As I say, it's not unheard of for
whispering campaigns to scupper ones' career. I well recall a small
lad coming to me one day, I won't mention his name to save his
blushes, but I will use a fake name for ease of reference. David
Radcliffe came to me and said 'I'm in a right state'. I inquired with
him as to his dilemma. Apparently the young scamp had been offered
the role of a boy wizard in some film or other. “If the film is as
successful as the books, I shall be the richest, most famous kid in
the world!”. Radcliffe had also got a part time job as a toilet
attendant. A modest income but secure. As far as I am aware, people
will always need toilets. What to do? What to do?? I sometimes wonder
what would have happened had he taken my advice, how his life would
have turned out more secure and perhaps happier, and which famous
people he would have met in the toilets.
If there is a bit of a blacklist around
yours truly I have to say I will not be best pleased. But as I say it
has happened before. I once upset Harry Secombe and Dame Thora Hird
so badly, apparently, they started a vendetta of hate. I'd get calls
saying nothing, or 'needle nardle noo' or similar.

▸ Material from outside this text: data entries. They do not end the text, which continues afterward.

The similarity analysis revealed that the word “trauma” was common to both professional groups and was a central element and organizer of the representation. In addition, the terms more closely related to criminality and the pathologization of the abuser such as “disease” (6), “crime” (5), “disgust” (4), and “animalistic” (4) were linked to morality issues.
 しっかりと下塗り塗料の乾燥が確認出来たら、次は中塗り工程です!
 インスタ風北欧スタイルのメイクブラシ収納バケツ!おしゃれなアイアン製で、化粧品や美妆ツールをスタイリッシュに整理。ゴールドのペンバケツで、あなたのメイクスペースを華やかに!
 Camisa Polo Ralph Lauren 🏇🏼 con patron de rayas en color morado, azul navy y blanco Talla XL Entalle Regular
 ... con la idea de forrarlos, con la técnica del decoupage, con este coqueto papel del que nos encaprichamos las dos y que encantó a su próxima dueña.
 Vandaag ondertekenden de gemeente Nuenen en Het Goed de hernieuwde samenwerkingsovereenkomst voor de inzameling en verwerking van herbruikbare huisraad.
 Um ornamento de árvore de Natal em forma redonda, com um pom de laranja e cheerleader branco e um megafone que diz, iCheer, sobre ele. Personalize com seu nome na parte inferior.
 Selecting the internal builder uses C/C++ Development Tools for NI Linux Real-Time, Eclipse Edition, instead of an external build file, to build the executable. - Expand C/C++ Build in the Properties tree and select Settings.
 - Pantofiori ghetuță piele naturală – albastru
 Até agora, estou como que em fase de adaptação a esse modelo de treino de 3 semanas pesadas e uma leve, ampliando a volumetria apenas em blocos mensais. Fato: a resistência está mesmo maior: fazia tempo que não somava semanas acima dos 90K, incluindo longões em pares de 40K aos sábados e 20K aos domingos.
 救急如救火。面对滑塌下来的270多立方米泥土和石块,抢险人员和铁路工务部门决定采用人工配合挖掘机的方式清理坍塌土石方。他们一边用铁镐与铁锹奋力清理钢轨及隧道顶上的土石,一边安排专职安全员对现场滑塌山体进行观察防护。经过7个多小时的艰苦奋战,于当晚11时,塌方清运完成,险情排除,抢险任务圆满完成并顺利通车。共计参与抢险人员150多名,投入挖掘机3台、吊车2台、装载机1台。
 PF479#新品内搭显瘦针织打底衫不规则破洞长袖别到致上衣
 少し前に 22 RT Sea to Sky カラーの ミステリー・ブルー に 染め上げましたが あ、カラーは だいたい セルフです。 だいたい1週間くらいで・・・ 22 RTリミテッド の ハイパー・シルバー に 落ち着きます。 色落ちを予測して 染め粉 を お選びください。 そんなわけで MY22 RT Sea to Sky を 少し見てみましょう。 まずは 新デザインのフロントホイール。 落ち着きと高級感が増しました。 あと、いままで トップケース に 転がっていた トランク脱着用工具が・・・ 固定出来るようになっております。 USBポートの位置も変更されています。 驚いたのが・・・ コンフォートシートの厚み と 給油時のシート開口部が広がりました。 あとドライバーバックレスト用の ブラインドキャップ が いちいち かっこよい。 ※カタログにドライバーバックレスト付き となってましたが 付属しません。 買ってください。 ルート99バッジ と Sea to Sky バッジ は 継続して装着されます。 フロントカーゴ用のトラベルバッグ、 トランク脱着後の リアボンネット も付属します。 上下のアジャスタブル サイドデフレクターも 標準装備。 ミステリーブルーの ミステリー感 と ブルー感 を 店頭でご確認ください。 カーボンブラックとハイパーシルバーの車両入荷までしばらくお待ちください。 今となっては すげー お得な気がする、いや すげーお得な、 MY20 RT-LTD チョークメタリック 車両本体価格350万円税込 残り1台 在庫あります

I'd get specially
knitted cardigans through the post with only one arm. Dictionaries
with the words 'acting' and 'talent' cut out. A book on world hams
with my face glued to every picture. Really nasty stuff. Things
reached a head though when Secombe suggested a hymn on Songs Of
Praise, called 'Tarquin is Really Crap'. It was then that a producer
took Sir Harry aside and told him his private obsession was
interfering with the professional and spiritual nature of the show,
he should just stop and remove the posters from the church. Sir
Harry agreed and promptly dispatched Dame Thora down to let me out of
the boot of his car.
The sheer horribleness of the media
people themselves was revealed to me in all its' gory detail on a job
I took on on BBC Radio Cumberland. I was asked by the then afternoon
DJ – who actually preferred the term 'presenter' – to come up
with some wacky characters for his show. Frank Crisps was the wacky
presenter. In those days every station had a wacky, off the wall
character who was seemingly out of control. A maverick anarchist who
pushed boundaries, kicked against the management and bucked
authority. Think David Jacobs or Kenneth Kendall. I did as I was bid
and came up with six funny, rounded and authentic characters.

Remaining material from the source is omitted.